Scrib can target LPP to an ectopic location in vivo through its PDZ domains
Evidence for an in vivo interaction between Scrib and LPP was obtained by performing mitochondrial targeting experiments. We tested if Scrib was sufficient to recruit LPP to an ectopic location in living cells. The membrane anchor of the ActA sequence has been shown previously to be sufficient to target proteins expressed in mammalian cells to the surface of mitochondria [27,28]. This ectopic localization allows testing ligand recruitment in vivo. For this purpose, we generated a chimera named Xpress-hScrib-mito made up by an Xpress-epitope tag fused to the amino-terminus of human full length Scrib and linked in frame to the membrane anchor of the Listeria monocytogenes protein ActA (mito). Expression of this construct was confirmed by Western blotting with the use of an anti-Xpress antibody (results not shown). CV-1 cells were transiently transfected with Xpress-hScrib-mito and full length wild-type or carboxy-terminally mutated LPP green fluorescent protein fusions. Cells were stained with an anti-Xpress antibody and examined by fluorescence microscopy. In all transfected cells, the Xpress-hScrib-mito chimera localized to mitochondria, as shown in Fig. 7, left upper and middle panels. As shown in Fig. 7, upper right panels, wild-type LPP can be recruited to Xpress-hScrib-mito on mitochondria. This recruitment of LPP to Xpress-Scrib-mito-coated mitochondria was completely abolished when the carboxy-terminus of LPP was mutated (Fig. 7, middle panels).
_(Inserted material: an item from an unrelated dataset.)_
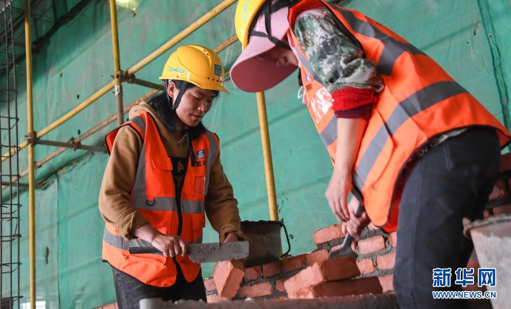 4月28日,姐姐蔡明梅(右)和妹妹蔡明娥在武漢湖北廣電傳媒基地項目工地上搭檔施工。

Figure 7  Scrib can recruit LPP to an ectopic location in vivo through its PDZ domains. CV-1 cells were transiently co-transfected with Xpress-hScrib-mito or Xpress-hScribdPDZ-mito, and GFP-fusions of wild-type full length human LPP, or LPP with a mutated carboxy-terminus (T610A). Xpress-hScrib-mito and Xpress-hScribdPDZ-mito are composed of the human full length Scrib protein with or without its PDZ domains, respectively, which is fused to an Xpress-epitope-tag at its amino-terminus, and to an ActA-derived mitochondrial membrane anchor at its carboxy-terminus, Cells were stained with an anti-Xpress antibody to detect Xpress-Scrib(dPDZ)-mito. Immunofluorescence and GFP were visualized by epifluorescence microscopy. The focal adhesion localization of the GFP-LPP proteins is not visible in these pictures because a focal plane corresponding to mitochondrial staining is shown.   To investigate the importance of the PDZ domains of Scrib in this recruitment of LPP, we deleted all four PDZ domains (amino acids 724–1192) from Xpress-hScrib-mito (=Xpress-hScribdPDZ-mito) and tested whether this PDZ-less protein still was able to recruit LPP to mitochondria. As shown in Fig. 7, lower panels, Xpress-hScribdPDZ-mito lost its ability to recruit LPP to mitochondria. These results indicate that Scrib can recruit LPP to an ectopic location in vivo, and that the PDZ domains of Scrib are an absolute requirement for this activity.
As mentioned above, the Xpress-hScrib-mito chimera localized to mitochondria in all cells that expressed this protein. However, LPP, which was co-expressed, was only recruited to mitochondria in a small fraction of these cells. This issue will be further addressed in the Discussion section.